Vaginal discharge from endocervicitis is the most common presenting symptom of gonorrhea and is usually described as thin, purulent, and mildly odorous. Many patients have minimal or no symptoms from gonococcal cervicitis. Dysuria or a scant urethral discharge may be due to urethritis accompanying cervicitis.

Gonorrheal infection of the Bartholin glands (glands near the labia) is asymptomatic in one third of cases but may manifest as perilabial pain, edema, tenderness, and discharge.

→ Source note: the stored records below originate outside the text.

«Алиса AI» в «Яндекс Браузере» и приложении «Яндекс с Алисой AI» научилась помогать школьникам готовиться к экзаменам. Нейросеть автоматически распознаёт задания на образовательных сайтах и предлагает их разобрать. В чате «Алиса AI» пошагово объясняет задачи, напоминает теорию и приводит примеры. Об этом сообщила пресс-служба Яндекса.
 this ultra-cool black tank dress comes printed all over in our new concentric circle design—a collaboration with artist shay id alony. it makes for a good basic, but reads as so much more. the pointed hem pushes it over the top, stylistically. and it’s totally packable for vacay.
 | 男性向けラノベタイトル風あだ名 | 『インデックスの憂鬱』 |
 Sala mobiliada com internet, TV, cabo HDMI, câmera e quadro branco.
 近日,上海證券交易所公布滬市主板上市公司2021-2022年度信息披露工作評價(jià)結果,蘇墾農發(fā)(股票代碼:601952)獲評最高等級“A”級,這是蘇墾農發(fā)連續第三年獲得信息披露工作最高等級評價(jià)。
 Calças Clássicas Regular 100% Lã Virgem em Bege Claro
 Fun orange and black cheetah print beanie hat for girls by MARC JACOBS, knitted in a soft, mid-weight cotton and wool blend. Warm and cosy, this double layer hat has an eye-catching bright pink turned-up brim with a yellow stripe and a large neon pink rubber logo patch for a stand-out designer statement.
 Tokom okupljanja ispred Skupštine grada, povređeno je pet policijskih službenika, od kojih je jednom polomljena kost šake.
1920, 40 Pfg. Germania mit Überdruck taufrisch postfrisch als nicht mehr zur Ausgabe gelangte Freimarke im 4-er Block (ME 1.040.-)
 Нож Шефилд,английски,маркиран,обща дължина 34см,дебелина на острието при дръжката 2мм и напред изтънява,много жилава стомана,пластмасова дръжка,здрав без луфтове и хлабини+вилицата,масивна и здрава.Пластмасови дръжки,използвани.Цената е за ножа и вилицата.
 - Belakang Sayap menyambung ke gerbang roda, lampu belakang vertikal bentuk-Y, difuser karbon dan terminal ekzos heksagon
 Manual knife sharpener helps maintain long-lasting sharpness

Pelvic or lower abdominal pain suggests ascending infection of the endometrium, fallopian tubes, ovaries, and peritoneum. Pain may be midline, unilateral, or bilateral. Fever, nausea, and vomiting may be present. Pelvic examination usually demonstrates bilateral adnexal tenderness, possible tenderness over the uterine fundus, and possible cervical motion tenderness. Abdominal examination elicits lower quadrant tenderness. PID related to gonococcal infection may follow the onset of menses by a few days. The possibility of ectopic pregnancy should always be considered in patients with pelvic or lower abdominal pain.

Rectal infection is often asymptomatic, but rectal pain, pruritus, tenesmus, and rectal discharge may be present if the rectal mucosa is infected. Bloody diarrhea may also occur. Rectal infection may occur from anal intercourse or, in women, by local spread of the organism.